Only the stretch of the listing below that runs from the line with "Ley de transparencia" through the line with "Chasm Lake and" is to be printed, exactly and with both ends.

→ **Input**
= = = =
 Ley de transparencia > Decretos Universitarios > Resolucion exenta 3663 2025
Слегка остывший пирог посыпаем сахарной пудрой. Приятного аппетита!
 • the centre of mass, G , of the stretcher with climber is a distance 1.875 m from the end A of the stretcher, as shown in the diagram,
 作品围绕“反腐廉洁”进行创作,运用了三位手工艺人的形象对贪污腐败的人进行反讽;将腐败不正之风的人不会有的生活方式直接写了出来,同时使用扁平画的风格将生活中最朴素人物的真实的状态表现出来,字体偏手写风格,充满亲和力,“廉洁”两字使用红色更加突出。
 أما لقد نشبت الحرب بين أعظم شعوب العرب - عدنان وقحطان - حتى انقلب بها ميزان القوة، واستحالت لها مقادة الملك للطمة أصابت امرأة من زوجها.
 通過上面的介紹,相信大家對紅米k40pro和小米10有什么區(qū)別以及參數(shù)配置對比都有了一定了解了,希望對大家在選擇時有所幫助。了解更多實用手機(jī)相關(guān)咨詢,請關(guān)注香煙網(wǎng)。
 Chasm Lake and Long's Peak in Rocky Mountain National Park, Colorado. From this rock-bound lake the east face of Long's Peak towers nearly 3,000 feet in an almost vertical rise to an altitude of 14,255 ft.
= = = =
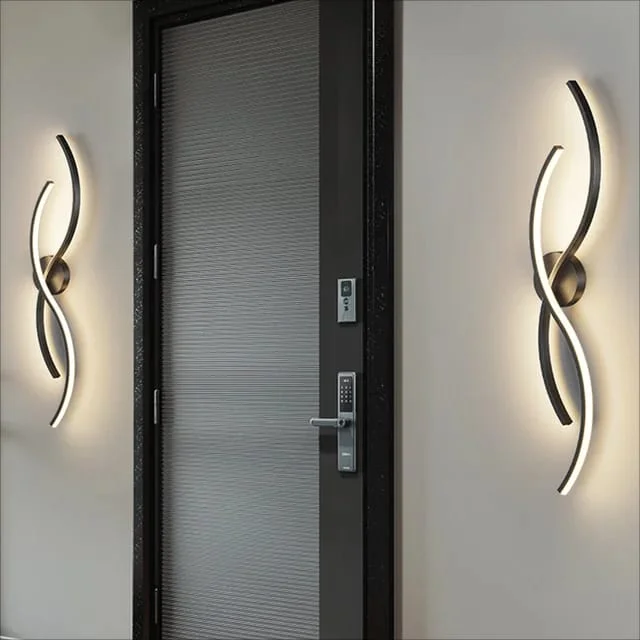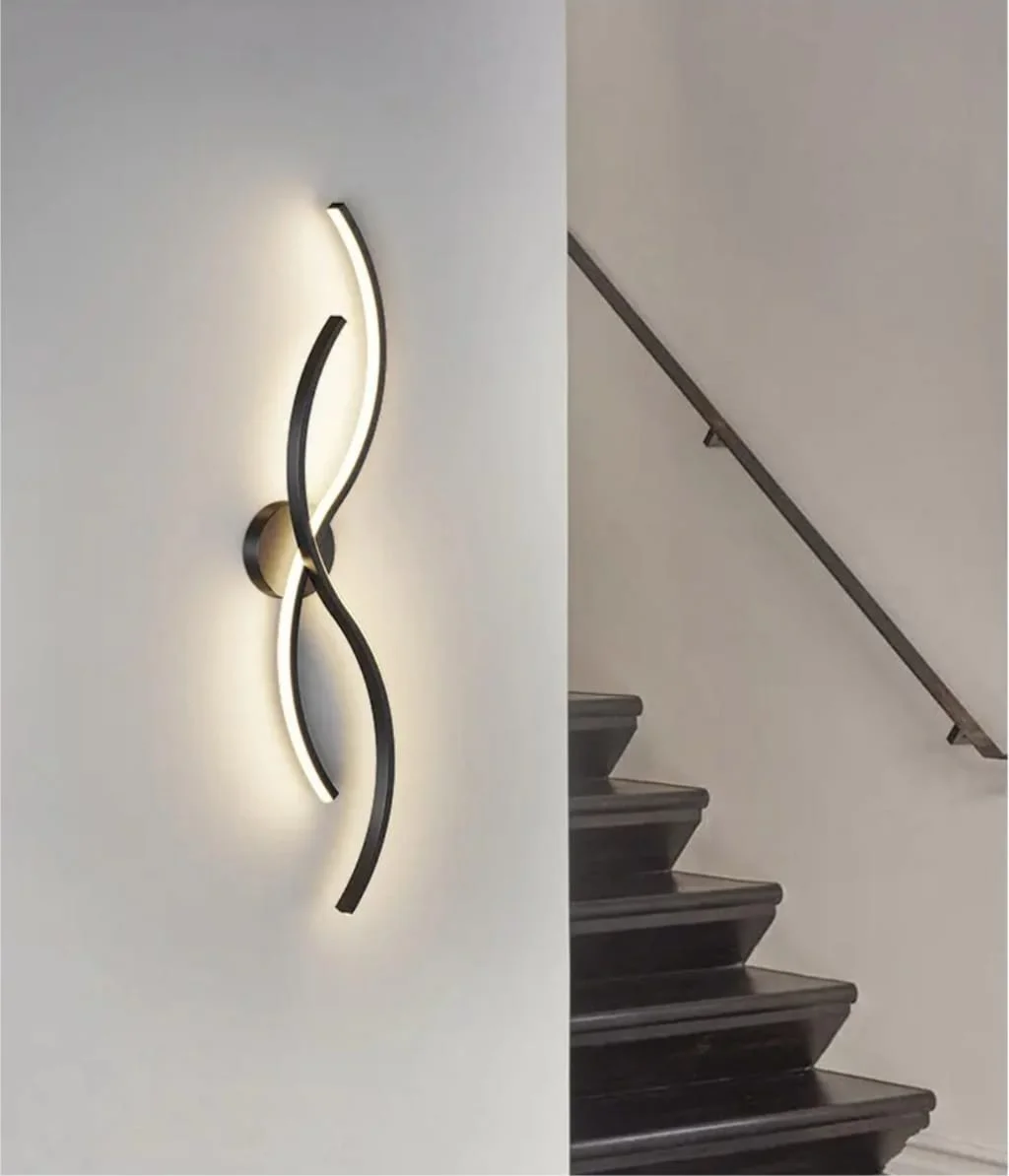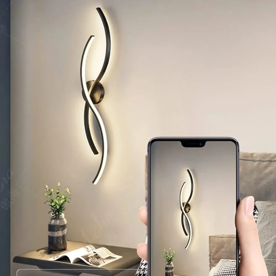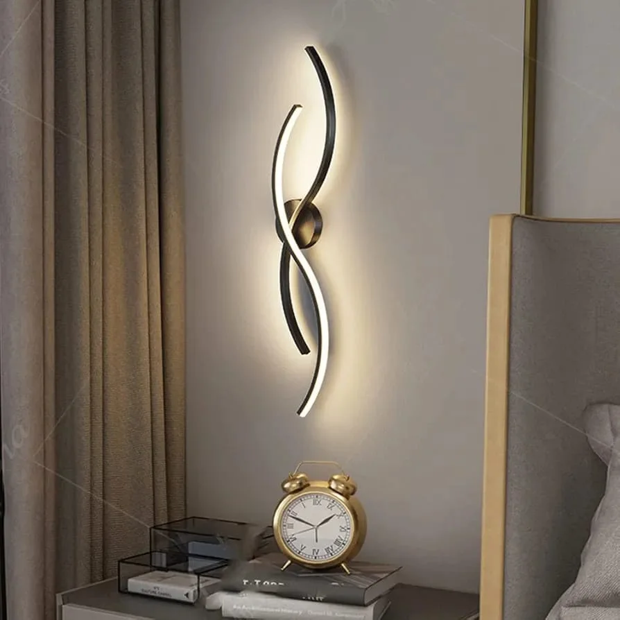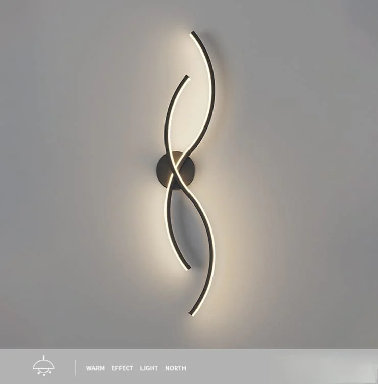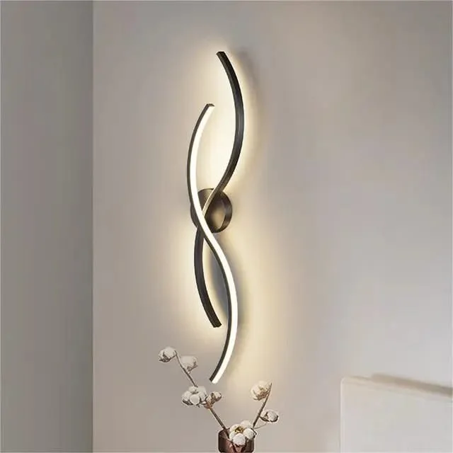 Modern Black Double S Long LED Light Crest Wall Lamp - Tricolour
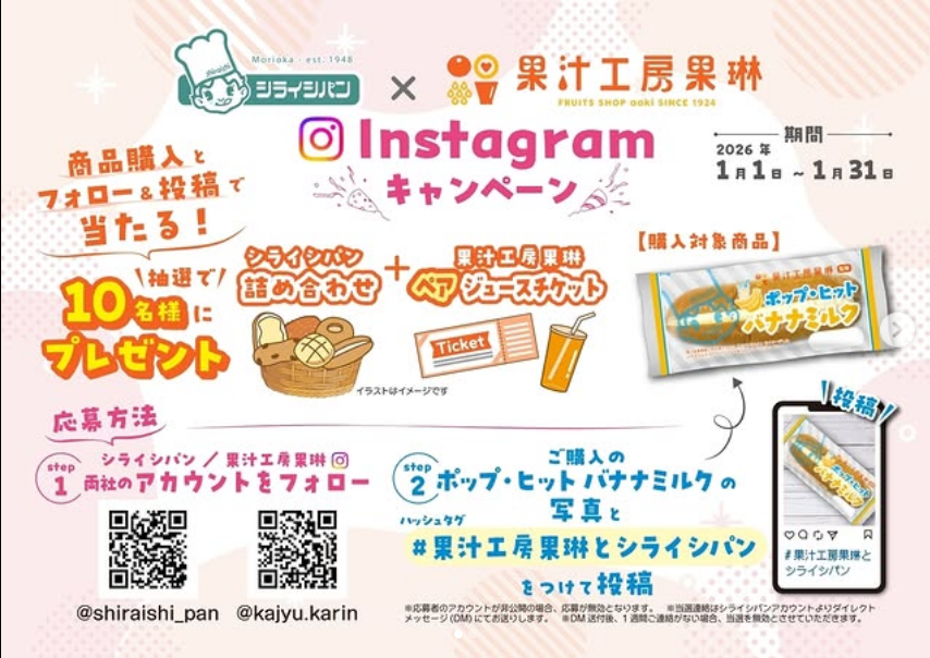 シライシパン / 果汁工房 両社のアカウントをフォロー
= = = =
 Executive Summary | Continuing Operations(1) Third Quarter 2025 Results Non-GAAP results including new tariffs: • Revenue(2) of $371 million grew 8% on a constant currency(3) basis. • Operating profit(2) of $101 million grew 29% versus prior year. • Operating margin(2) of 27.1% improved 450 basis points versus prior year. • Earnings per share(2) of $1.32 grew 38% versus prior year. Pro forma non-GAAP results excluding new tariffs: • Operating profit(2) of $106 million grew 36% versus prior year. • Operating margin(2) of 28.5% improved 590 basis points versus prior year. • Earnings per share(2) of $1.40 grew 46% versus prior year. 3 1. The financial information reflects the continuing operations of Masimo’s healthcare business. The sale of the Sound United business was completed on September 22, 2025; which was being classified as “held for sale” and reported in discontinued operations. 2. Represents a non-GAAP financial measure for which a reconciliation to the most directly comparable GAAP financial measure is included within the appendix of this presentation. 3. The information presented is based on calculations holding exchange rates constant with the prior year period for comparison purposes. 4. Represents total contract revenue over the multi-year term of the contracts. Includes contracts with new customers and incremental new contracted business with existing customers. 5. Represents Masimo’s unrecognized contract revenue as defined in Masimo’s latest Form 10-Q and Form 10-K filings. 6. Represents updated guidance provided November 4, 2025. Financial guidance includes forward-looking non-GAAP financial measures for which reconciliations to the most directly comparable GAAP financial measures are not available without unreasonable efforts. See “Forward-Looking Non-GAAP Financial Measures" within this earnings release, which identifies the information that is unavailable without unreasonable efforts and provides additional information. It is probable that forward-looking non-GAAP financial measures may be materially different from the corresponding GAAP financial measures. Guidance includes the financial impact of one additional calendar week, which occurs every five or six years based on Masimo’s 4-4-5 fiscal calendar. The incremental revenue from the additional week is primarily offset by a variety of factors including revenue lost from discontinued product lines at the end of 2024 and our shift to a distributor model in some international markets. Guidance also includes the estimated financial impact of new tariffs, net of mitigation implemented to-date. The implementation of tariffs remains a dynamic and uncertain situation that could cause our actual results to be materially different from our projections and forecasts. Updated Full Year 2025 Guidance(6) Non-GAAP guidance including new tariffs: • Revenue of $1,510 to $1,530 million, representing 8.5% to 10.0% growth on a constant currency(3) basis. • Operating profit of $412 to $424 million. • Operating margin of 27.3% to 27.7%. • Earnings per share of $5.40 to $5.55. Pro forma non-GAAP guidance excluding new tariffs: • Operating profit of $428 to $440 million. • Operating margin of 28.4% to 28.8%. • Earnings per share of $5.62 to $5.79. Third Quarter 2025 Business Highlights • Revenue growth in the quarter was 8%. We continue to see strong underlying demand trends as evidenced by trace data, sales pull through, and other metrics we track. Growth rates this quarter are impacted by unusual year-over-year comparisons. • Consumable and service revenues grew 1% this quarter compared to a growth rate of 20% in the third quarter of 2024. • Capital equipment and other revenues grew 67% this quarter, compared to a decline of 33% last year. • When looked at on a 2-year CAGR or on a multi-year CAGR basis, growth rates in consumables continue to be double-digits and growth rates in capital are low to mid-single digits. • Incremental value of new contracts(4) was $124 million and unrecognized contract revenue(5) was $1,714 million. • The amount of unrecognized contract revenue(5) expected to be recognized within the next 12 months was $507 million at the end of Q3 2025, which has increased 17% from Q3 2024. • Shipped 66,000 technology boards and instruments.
= = = =
→ **Response area**
 Ley de transparencia > Decretos Universitarios > Resolucion exenta 3663 2025
Слегка остывший пирог посыпаем сахарной пудрой. Приятного аппетита!
 • the centre of mass, G , of the stretcher with climber is a distance 1.875 m from the end A of the stretcher, as shown in the diagram,
 作品围绕“反腐廉洁”进行创作,运用了三位手工艺人的形象对贪污腐败的人进行反讽;将腐败不正之风的人不会有的生活方式直接写了出来,同时使用扁平画的风格将生活中最朴素人物的真实的状态表现出来,字体偏手写风格,充满亲和力,“廉洁”两字使用红色更加突出。
 أما لقد نشبت الحرب بين أعظم شعوب العرب - عدنان وقحطان - حتى انقلب بها ميزان القوة، واستحالت لها مقادة الملك للطمة أصابت امرأة من زوجها.
 通過上面的介紹,相信大家對紅米k40pro和小米10有什么區(qū)別以及參數(shù)配置對比都有了一定了解了,希望對大家在選擇時有所幫助。了解更多實用手機(jī)相關(guān)咨詢,請關(guān)注香煙網(wǎng)。
 Chasm Lake and Long's Peak in Rocky Mountain National Park, Colorado. From this rock-bound lake the east face of Long's Peak towers nearly 3,000 feet in an almost vertical rise to an altitude of 14,255 ft.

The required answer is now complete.